The article talks about their plans for building a rocket. I really would like to know about the plans for *colonization*.
What things do they need for a self sustaining colony, in what order will they do them? Not that the rocket isn't interesting, but this is a plan for getting to Mars, not colonizing it. Wake me up when they have a *colonization* plan.
More questions below....
Are they planning to build a propellant plant first? Then Biodomes for growing food? Or do they plan to mine materials to make the domes? What pressure do the domes need to hold for plants to grow? What Martian materials will they use?
Is someone going to go set up the propellant plant first and return to earth while it fills up tanks? Or is the first mission going to be a suicide mission if they can't get either the propellant plant for bio domes running before they run out of supplies?
Will they send a robot to assemble the propellant plant and get initial things ready for the first people? A 4 minute communications delay makes remote controlling a robot difficult, but if it was smart enough to be given more complex instructions this wouldn't be an issue. Surely a robot of some sort will be needed for mining ice for the propellant plant.
Food, fuel, material for building structures - these are the heavy things that they really must create on Mars.

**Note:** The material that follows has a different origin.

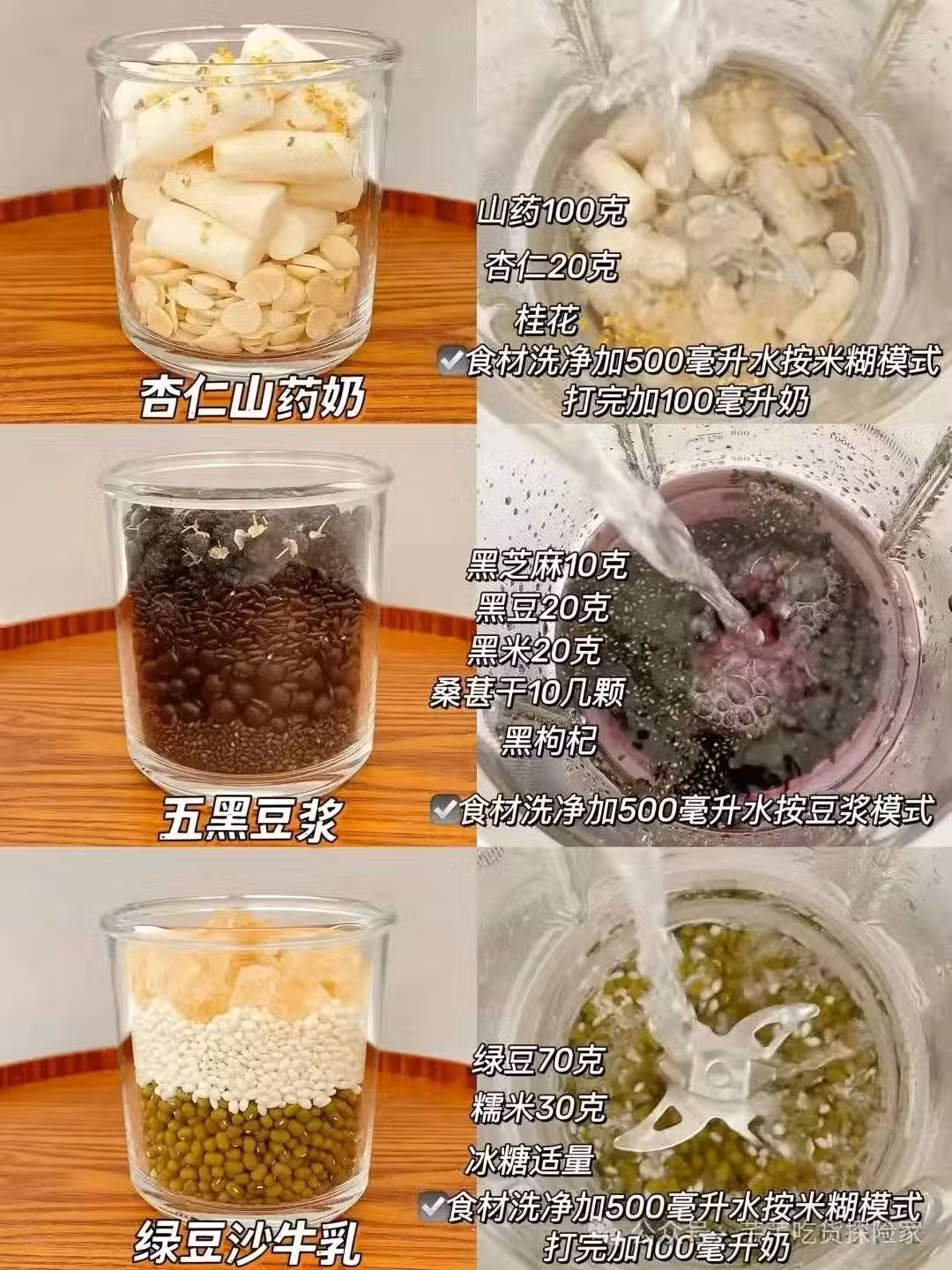 準備食材:黑芝麻,黑豆,黑米,黑枸杞,桑葚干,水。

Other things that take more processing but weigh less can be set at least for a while - clothing, electronics, etc. Do they need to locate near iron and water deposits? So they have a location in mind?
Mars only gets 40% of the sunlight of the earth. How much will this hamper plant growth? 60 degrees north gets this amount of light, but it is about mid Canada or mid-Russia and I don't think they're planning to grow pine trees (nothing against pine nuts).
It is reasonable to assume hyperloop is the plan for travel, and tunneling is the plan for habitation. For habitation, is the rock sufficiently air tight to keep an atmosphere, or will they line the tunnels, and if so what with, and how will they make it?
You claim if "any of that happens you are dead" but...
Well, if shit breaks you can get spare parts
Which you obviously pack more of on a ship to Mars, then in many scenarios get shipped to you about once a year while you are there.
Also of course, you do realize you ship a lot of spare equipment out ahead of time and don't go until you know it's safe???
Low on food?
How would that realistically happen on the trip out which would have packaged meals to last the trip + one year minimum on Mars (probably more). It's the time past that where growing the food may become an issue but that's quite a long point beyond the main goal which is simply to live on Mars and advance a colony. Even if you all day you have at least prepped something for those that come after.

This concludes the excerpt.